Эхо опустилась на колени, и Дон повернулась к дочери.
– Садись.
Она указала на серебристую кобылу.
– Но… гм… разве ты не…
Ривер во все глаза уставилась на великолепное животное. На Эхо редко ездил кто-то, кроме матери, и еще реже такое случалось на глазах у остальных табунов.
– О, я буду рядом. Но сегодня твой день, и мы с Эхо хотим выказать тебе уважение.
– Спасибо, мама. Спасибо, Эхо. Я – я надеюсь, что я вас не подведу.
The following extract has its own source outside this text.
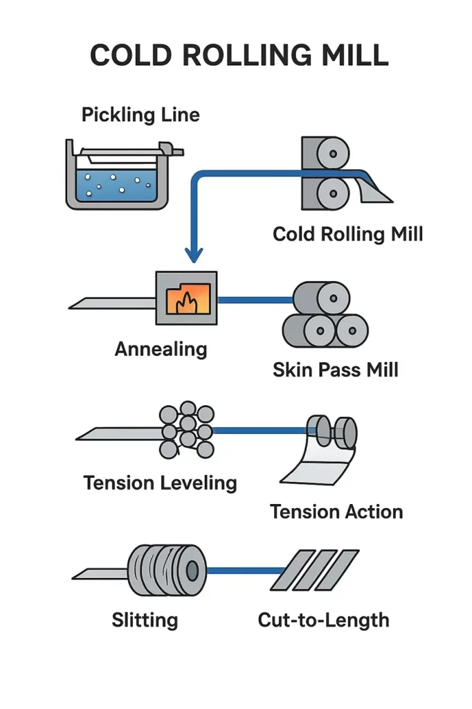 نورد سرد شامل TCM برای ورقهای نازک خودرو و لوازم خانگی، CRM برای ظرفیت متوسط و انعطافپذیر، SPM برای بهبود سطح و آمادهسازی قبل از پوششدهی، و Temper برای ورقهای ضخیمتر و ارتقای خواص مکانیکی است.

Эхо всхрапнула и хлестнула хвостом.
– Согласна, – сказала мать. – У нас с Эхо нет времени на подобные страхи. Помни, дочь: от тебя не требуется ничего невозможного. Будь собой. Все остальное – лишь дополнительные дары Великой Матери-Кобылицы. А теперь поспеши, не то опоздаешь! – закончила она с лукавой улыбкой.
– Вот именно, – пробурчала Ривер. Она подошла к Эхо, взялась за сияющую белую гриву, украшенную пурпурными лентами, и с легкостью запрыгнула на лошадь.
Эхо выпрямилась, и мать встала у ее головы. Как только Дон двинулась с места, Эхо последовала за ней. С высоко поднятыми головами Старшая кобыла табуна Мадженти и ее Всадница шагали вперед, излучая красоту и силу. Ривер инстинктивно выпрямила спину, слегка сжимая бедрами бока кобылы. Она знала, что ее обнаженная темная кожа составляет поразительный контраст с серебристо-белой шкурой Эхо. Даже шагала Эхо удивительно грациозно, и сердце Ривер наполнилось гордостью, когда они приблизились ко входу в огромный Амфитеатр Выбора и остановились в воротах. Тут их заметила одна из теток Ривер.
– Это Ривер на Эхо! Табун Мадженти!
– Табун Мадженти!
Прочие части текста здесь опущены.